START SUPPLIED INFORMATION

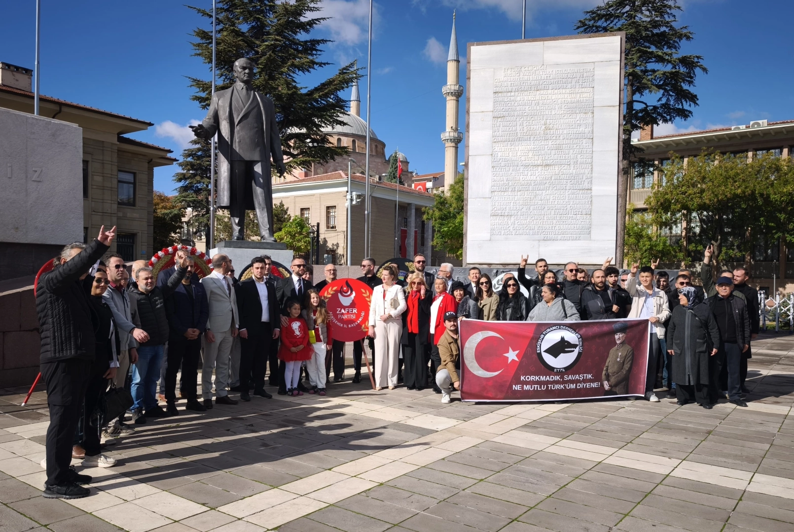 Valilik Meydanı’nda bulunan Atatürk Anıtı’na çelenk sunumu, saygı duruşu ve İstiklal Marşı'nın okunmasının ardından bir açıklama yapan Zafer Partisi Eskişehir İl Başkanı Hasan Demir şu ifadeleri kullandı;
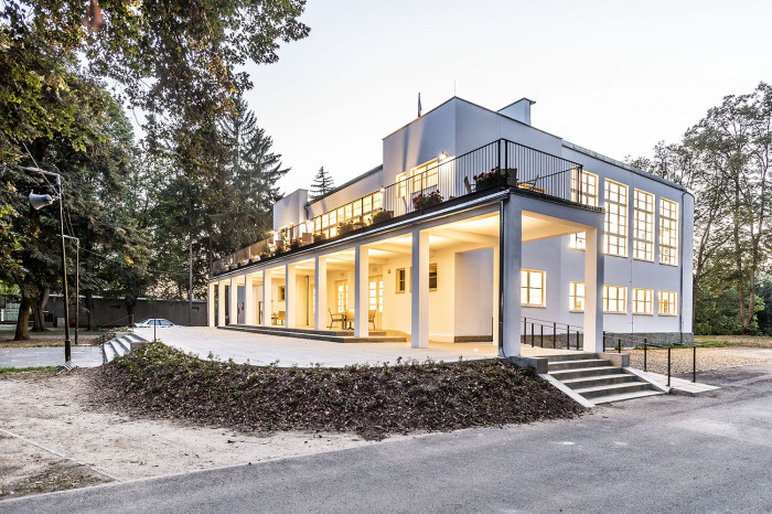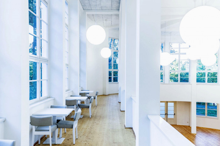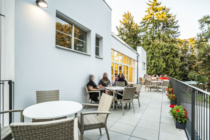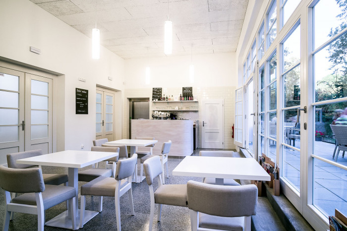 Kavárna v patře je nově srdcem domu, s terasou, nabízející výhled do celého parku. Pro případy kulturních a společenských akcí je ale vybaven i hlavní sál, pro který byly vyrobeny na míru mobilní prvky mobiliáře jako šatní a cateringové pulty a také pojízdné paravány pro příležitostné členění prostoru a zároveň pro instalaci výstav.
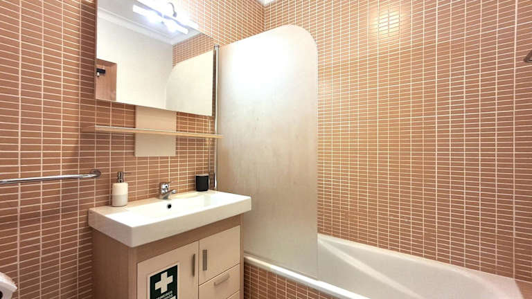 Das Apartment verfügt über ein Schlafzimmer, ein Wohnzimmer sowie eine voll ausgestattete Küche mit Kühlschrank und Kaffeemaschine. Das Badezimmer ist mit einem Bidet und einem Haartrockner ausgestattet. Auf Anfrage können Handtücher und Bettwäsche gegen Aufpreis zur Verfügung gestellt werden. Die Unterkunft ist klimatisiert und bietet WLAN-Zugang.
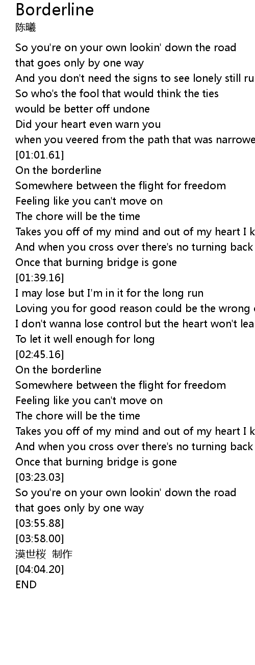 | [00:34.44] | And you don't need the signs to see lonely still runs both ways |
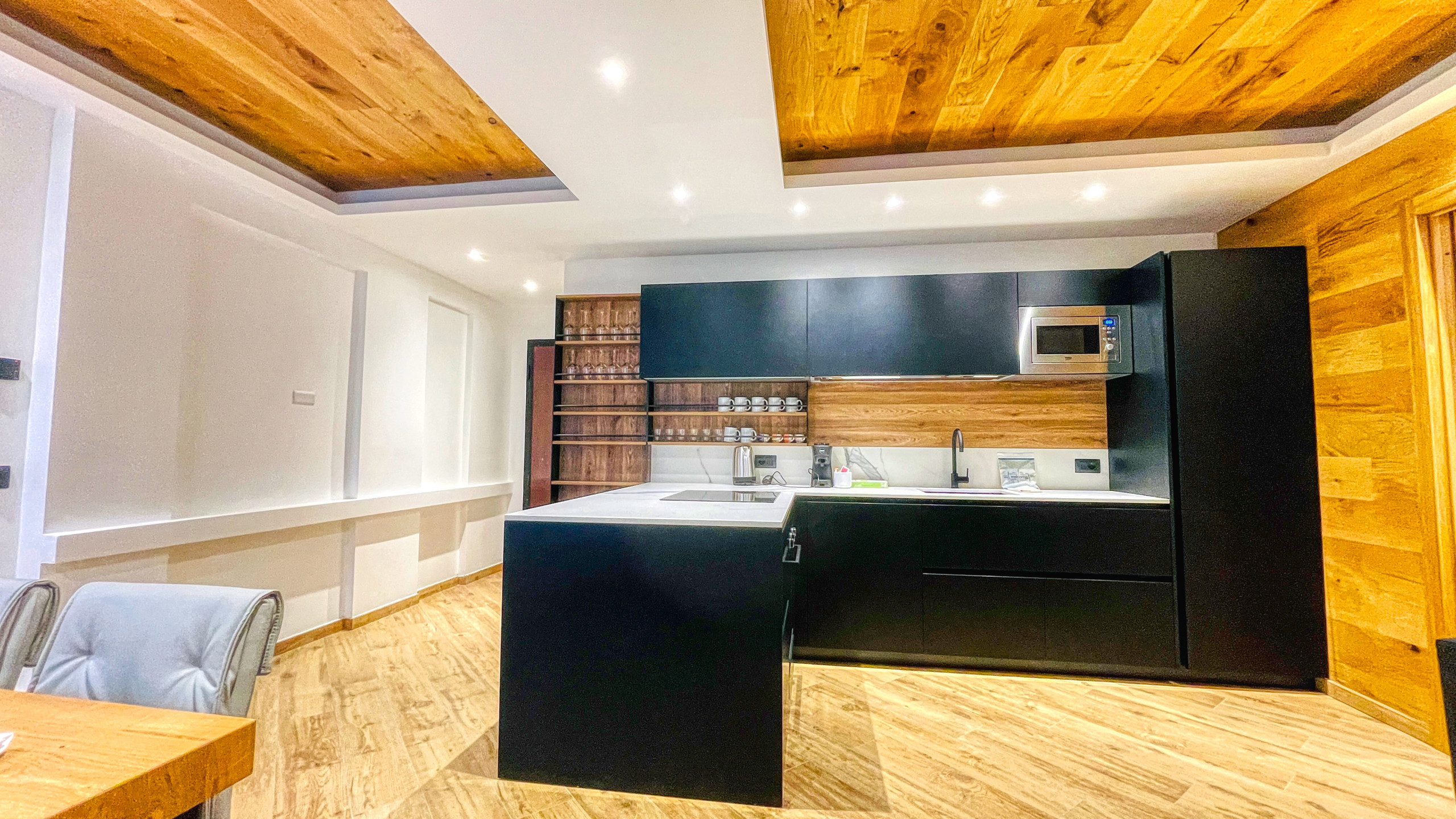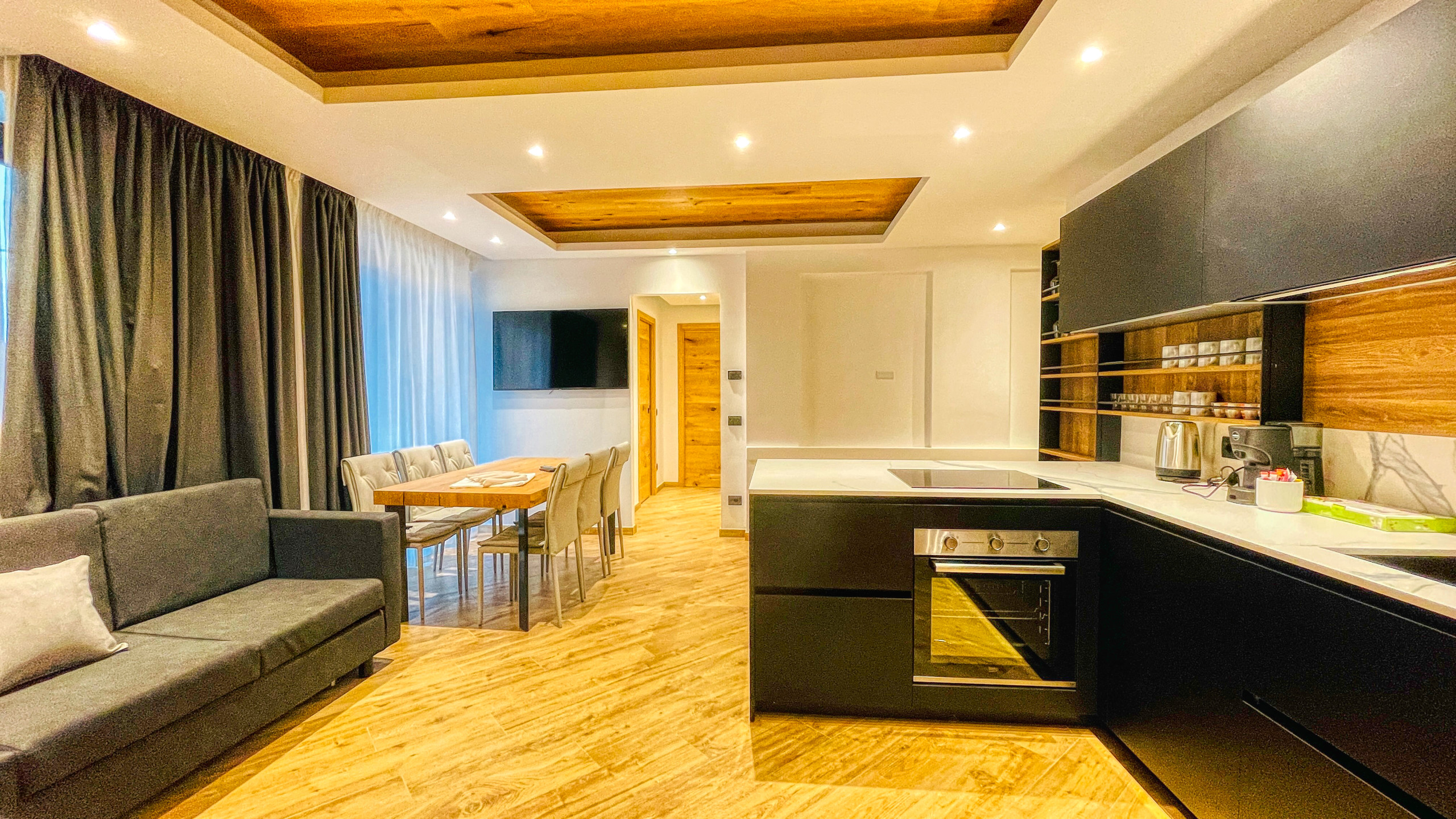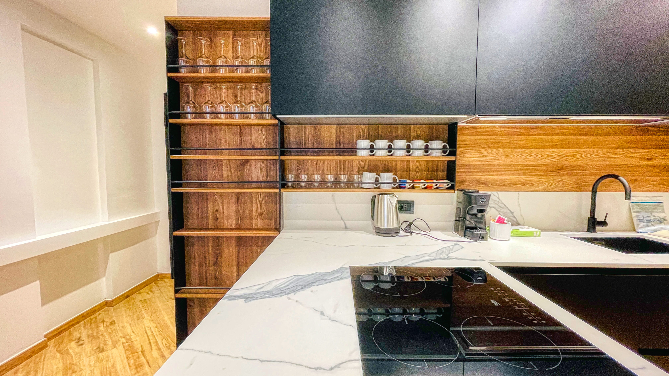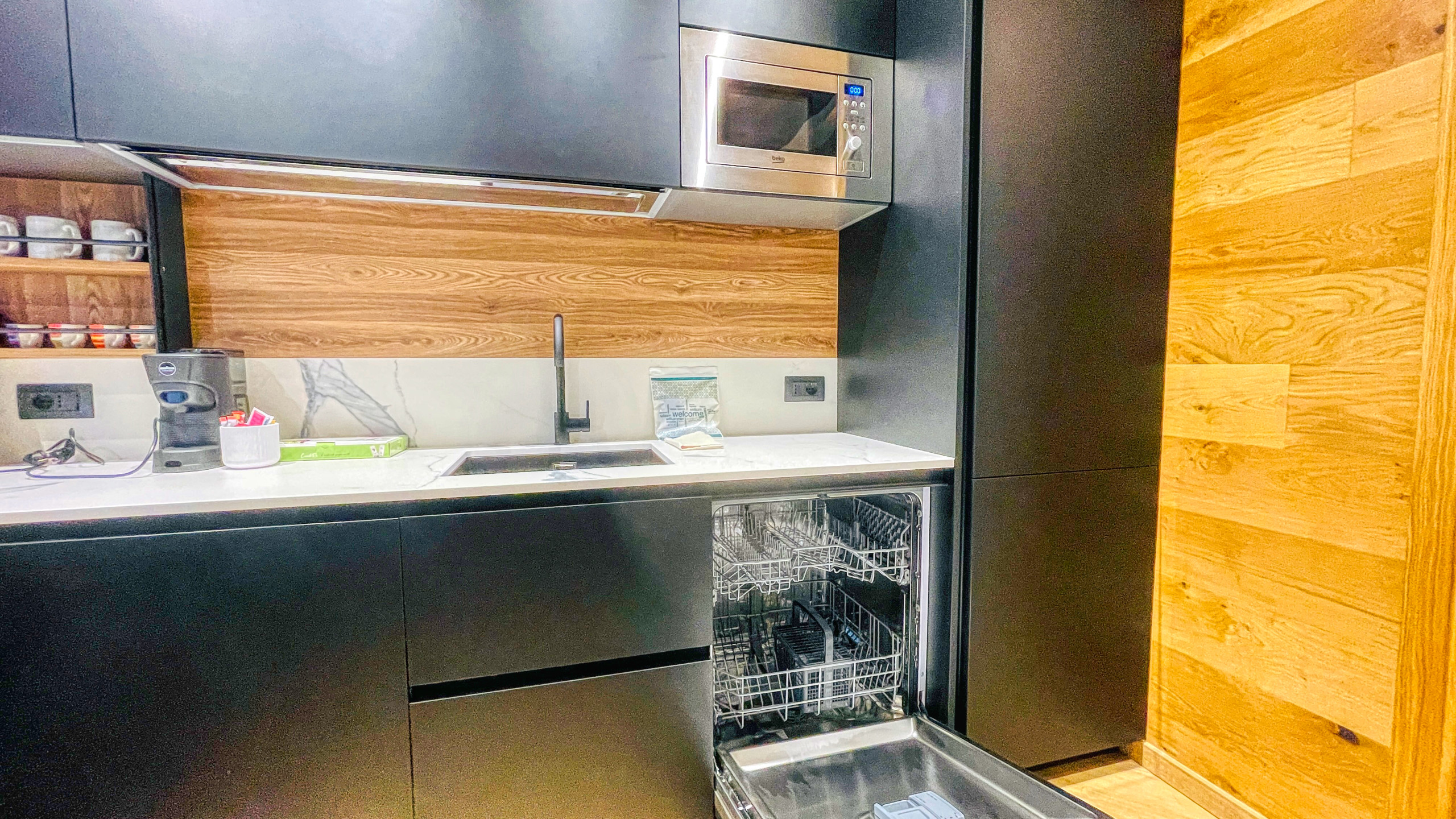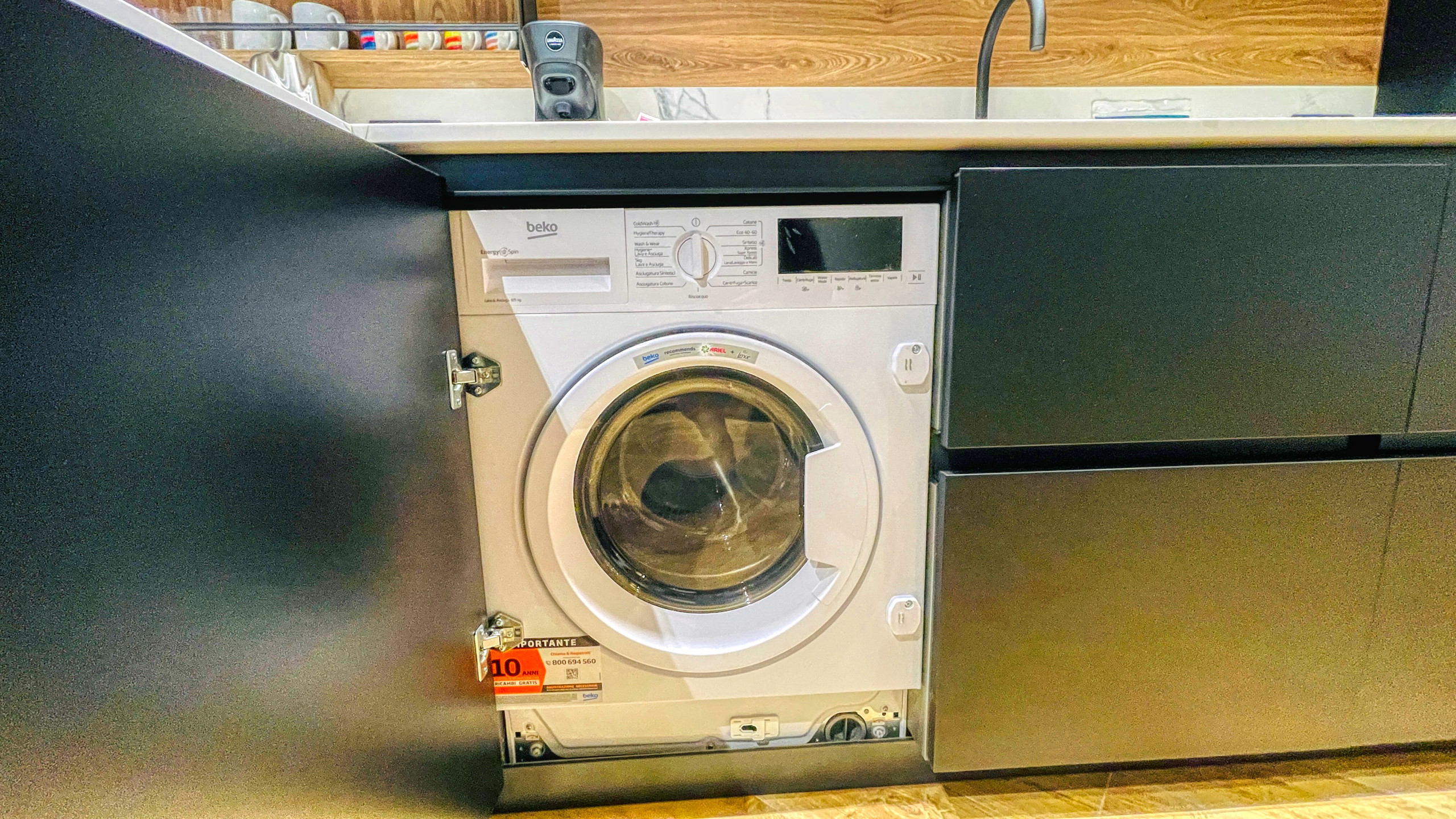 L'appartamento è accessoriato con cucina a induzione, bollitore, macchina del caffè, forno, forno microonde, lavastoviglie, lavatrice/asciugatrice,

END SUPPLIED INFORMATION

**DIRECTIONS FOR THIS TASK**
Output the records above in their entirety and exactly, leaving out all images.

**PROBLEM SOLUTION**
 Valilik Meydanı’nda bulunan Atatürk Anıtı’na çelenk sunumu, saygı duruşu ve İstiklal Marşı'nın okunmasının ardından bir açıklama yapan Zafer Partisi Eskişehir İl Başkanı Hasan Demir şu ifadeleri kullandı;
 Kavárna v patře je nově srdcem domu, s terasou, nabízející výhled do celého parku. Pro případy kulturních a společenských akcí je ale vybaven i hlavní sál, pro který byly vyrobeny na míru mobilní prvky mobiliáře jako šatní a cateringové pulty a také pojízdné paravány pro příležitostné členění prostoru a zároveň pro instalaci výstav.
 Das Apartment verfügt über ein Schlafzimmer, ein Wohnzimmer sowie eine voll ausgestattete Küche mit Kühlschrank und Kaffeemaschine. Das Badezimmer ist mit einem Bidet und einem Haartrockner ausgestattet. Auf Anfrage können Handtücher und Bettwäsche gegen Aufpreis zur Verfügung gestellt werden. Die Unterkunft ist klimatisiert und bietet WLAN-Zugang.
 | [00:34.44] | And you don't need the signs to see lonely still runs both ways |
 L'appartamento è accessoriato con cucina a induzione, bollitore, macchina del caffè, forno, forno microonde, lavastoviglie, lavatrice/asciugatrice,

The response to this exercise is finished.